▶ **WHAT YOU ARE ASKED TO DO**
Type out the data exactly as given. Skip any image.

▶ **EXTRACTED DATA**
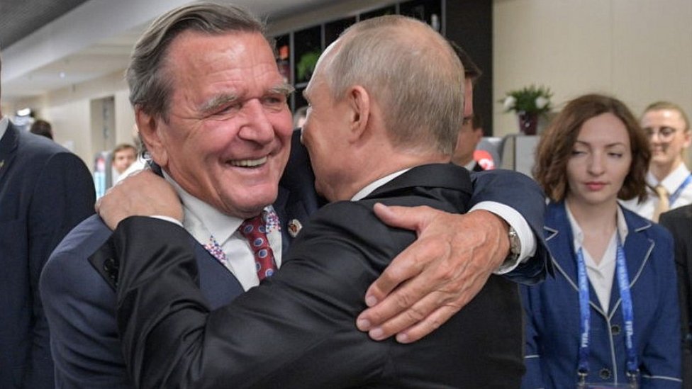Шредер беше германски канцелар од 1998 до 2005 година, а по заминувањето од функцијата се поврза со руските енергетски гиганти Газпром и Роснефт. Тој и Путин се пријатели долги години.
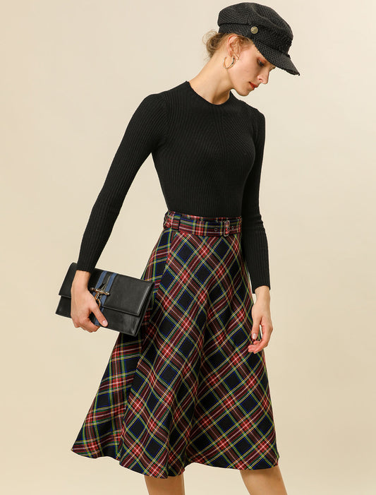 Women's Tartan Plaid High Waist Belted Vintage A-Line Midi Skirt (Available in Plus Size)
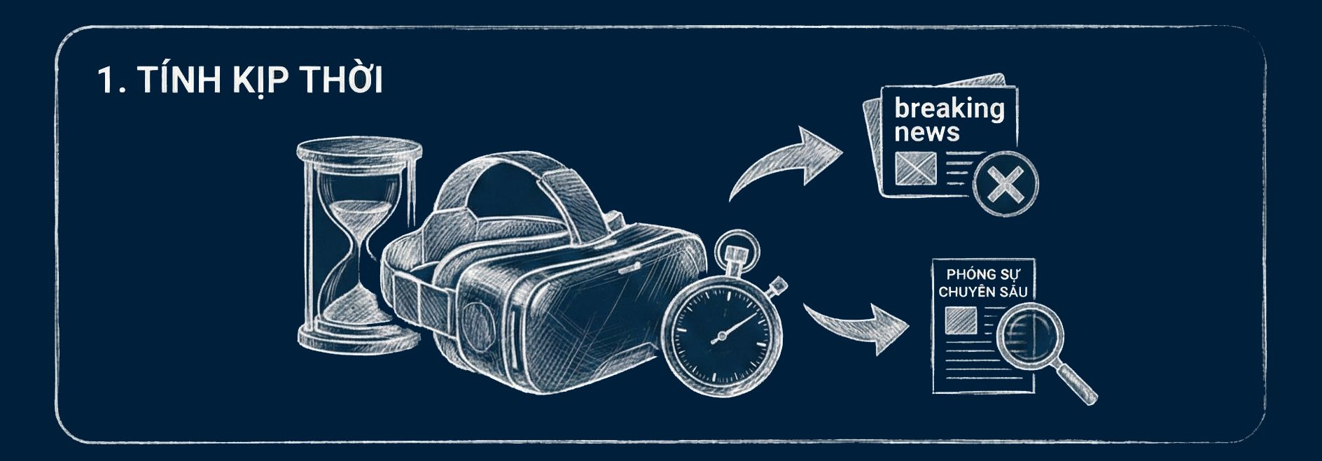· Tính kịp thời: Việc sản xuất nội dung AR/VR chi tiết đòi hỏi nhiều thời gian, khiến báo chí thực tại ảo khó chạy theo tin nhanh, nóng hổi mà phù hợp hơn cho các phóng sự chuyên sâu.
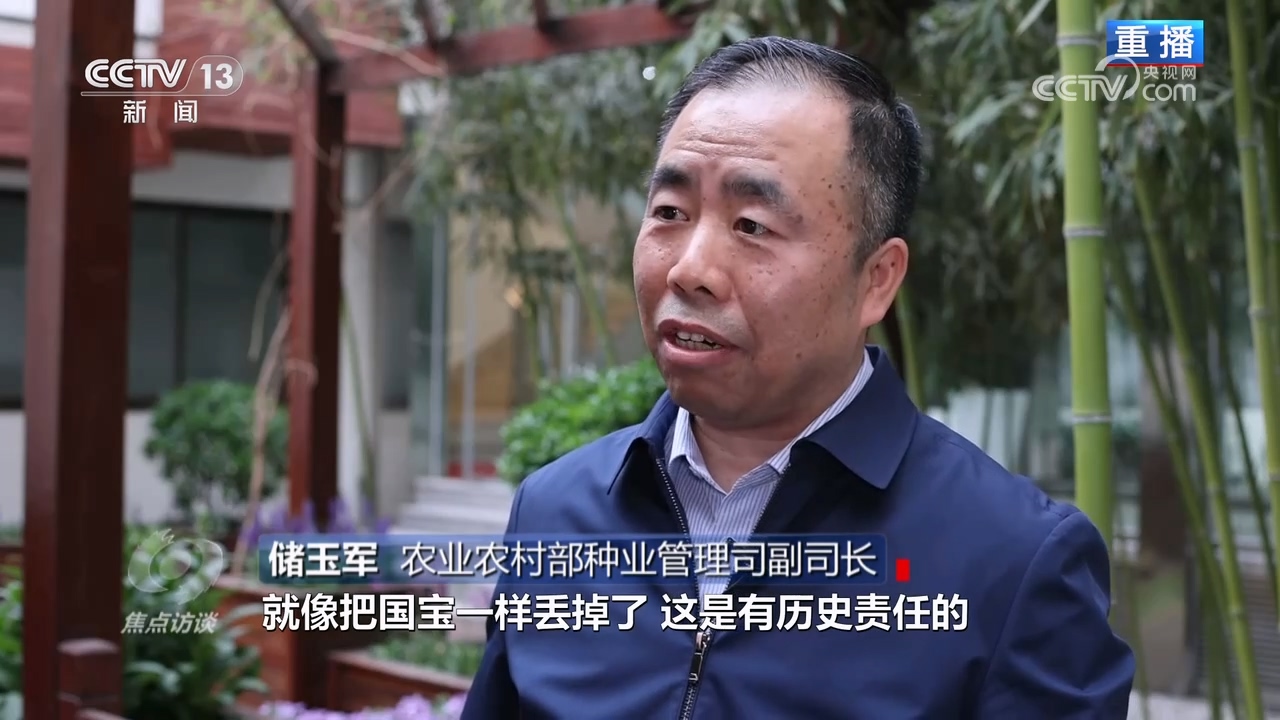 農(nóng)業(yè)農(nóng)村部種業(yè)管理司副司長儲玉軍:“國家?guī)焓菄仄?,種質資源安全黨中央國務院高度重視,如果不及時收集,喪失掉,就像把國寶丟掉了,這是有歷史責任的,所以早一天抓,早一天見效,早一天把它放在庫里才能安心。要把種源安全提升到關系國家安全的戰(zhàn)略高度,抓好種業(yè)振興,服務保障國家糧食安全。”
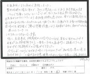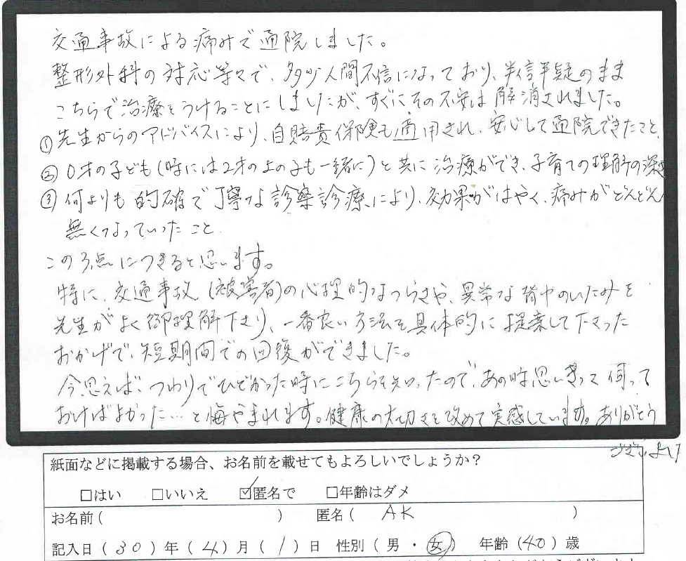 特に、交通事故(被害者)の心理的なつらさや異常な背中のいたみを先生がよく御理解下さり、一番良い方法を具体的に提案して下さったおかげで、短時間での回復ができました。

▶ **RESPONSE TO THE EXERCISE**
Шредер беше германски канцелар од 1998 до 2005 година, а по заминувањето од функцијата се поврза со руските енергетски гиганти Газпром и Роснефт. Тој и Путин се пријатели долги години.
 Women's Tartan Plaid High Waist Belted Vintage A-Line Midi Skirt (Available in Plus Size)
· Tính kịp thời: Việc sản xuất nội dung AR/VR chi tiết đòi hỏi nhiều thời gian, khiến báo chí thực tại ảo khó chạy theo tin nhanh, nóng hổi mà phù hợp hơn cho các phóng sự chuyên sâu.
 農(nóng)業(yè)農(nóng)村部種業(yè)管理司副司長儲玉軍:“國家?guī)焓菄仄?,種質資源安全黨中央國務院高度重視,如果不及時收集,喪失掉,就像把國寶丟掉了,這是有歷史責任的,所以早一天抓,早一天見效,早一天把它放在庫里才能安心。要把種源安全提升到關系國家安全的戰(zhàn)略高度,抓好種業(yè)振興,服務保障國家糧食安全。”
 特に、交通事故(被害者)の心理的なつらさや異常な背中のいたみを先生がよく御理解下さり、一番良い方法を具体的に提案して下さったおかげで、短時間での回復ができました。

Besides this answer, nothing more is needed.